Chocolate layer cake with chocolate ganache
This is a chocolate cake that ticks all the boxes. Incredibly moist, light and fudgy, intensely chocolate-y. It looks incredibly impressive, yet it couldn’t be easier to make and decorate. And it slowly sinked in me that the cake was a hit! Crumb by crumb as I tasted it all along the day, and "Yes! That's the best cake ever".
You have to prepare the chocolate ganache first as it takes some time for the chocolate ganache to set. Then prepare the chocolate cake, sandwich it with chocolate buttercream and cover the cake with chocolate buttercream. Finally pour chocolate ganache. Let the cake sit for about 3 hours until the chocolate sets. Then slice and serve. These cake slices also can be frozen. Tightly wrap each cake slice with plastic wrap and then put them in a ziplock bag. Freezes up to 2 weeks.
Ingredients
For the cake
250g salted butter (softened)
225g sugar
5 eggs
200g flour
3 tbsp cocoa powder
1 tsp baking powder
1 tsp baking soda
1/4 cup milk (or 2 tbsp milk powder+3 tbsp cold water)
For the chocolate buttercream frosting
100g salted butter
300g Icing sugar
1 tbsp milk
2 tbsp cocoa powder (dark/ semi-sweet)
For the chocolate ganache
125g cooking chocolate (dark/ semi-sweet)

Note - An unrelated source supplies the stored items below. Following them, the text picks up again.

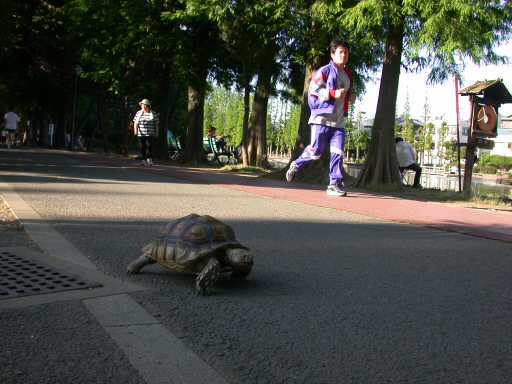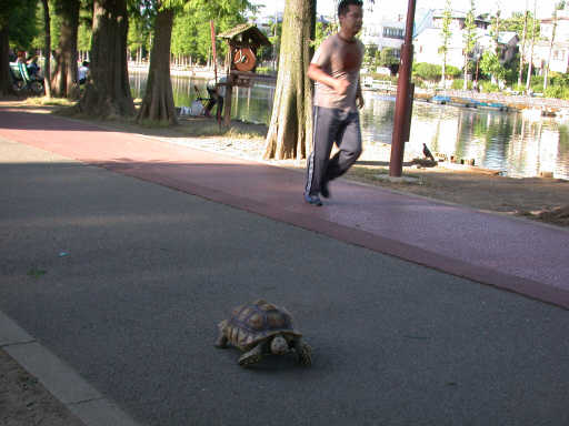 | 亀も つられてJogging。 別所沼公園。 2002.6.9 |
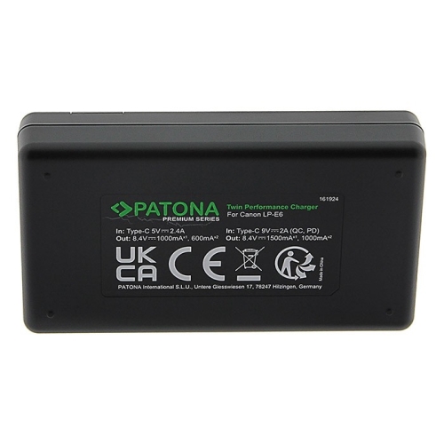 Patona Carregador PD Premium Duplo USB para Canon LP-E6
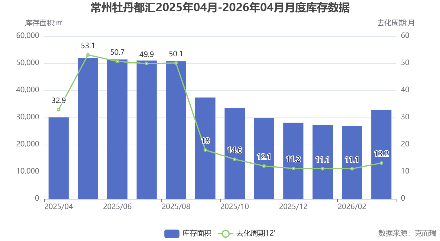 从库存数据来看,截至2026年3月,牡丹都汇的库存面积为32,796.16㎡,库存套数287套,去化周期(按近12个月平均速度计算)约为13.2个月。

250ml heavy whipping cream
Directions
For the chocolate ganache
- Finely chop the cooking chocolate. Add it in to a heat proof bowl.
- Heat heavy whipping cream in a saucepan. When it comes to a boil pour it on to the chopped cooking chocolate. Let it sit for 2 minutes. The stir well until the chocolate melts. Let the chocolate ganache come to room temperature. Until that prepare the chocolate cake.
For the chocolate cake
- Preheat your oven to 180 degrees Celsius for 10 minutes. (the oven should be hot when you put the cake)
- Sift flour+baking powder + cocoa powder together twice. (baking soda is added last, do not sift it with flour)
- Beat butter and sugar well until creamy.
- Add one egg at a time and beat well until creamy.
- Then add the sifted flour and cocoa and fold with a spatula until combined.( Do not beat, fold it)
- Finally add the baking soda to the milk and mix it with the cake batter. Mix well or fold with a spatula until combined. (do not beat )
- Pour the batter to a lined rectangle baking pan and bake for 30-35 minutes under 180 degree Celsius. (Keep an eye after minutes, each oven is different)
- To make the buttercream, sift icing sugar and cocoa powder together. Beat butter adding little icing sugar and cocoa powder at a time. Beat well. Finally add the milk and beat well.
- Once the cake is baked let it cool completely. Divide the cake in to three equal pieces. Then sandwich each cake layer with chocolate butter cream.
- Cover the cake with a thin layer of chocolate buttercream. The chocolate ganache has to attach to the cake, so it's important to cover the cake with buttercream.
- Place the cake on a wired rack and place a clean baking tray below.
- Then pour the chocolate ganache over the cake. Make sure to apply chocolate ganache evenly. take chocolate ganache that's spilled on the baking tray and apply wherever necessary.
- Let the cake set for about 3 hours. You can also chill the cake to make it set. Slice and serve! Enjoy!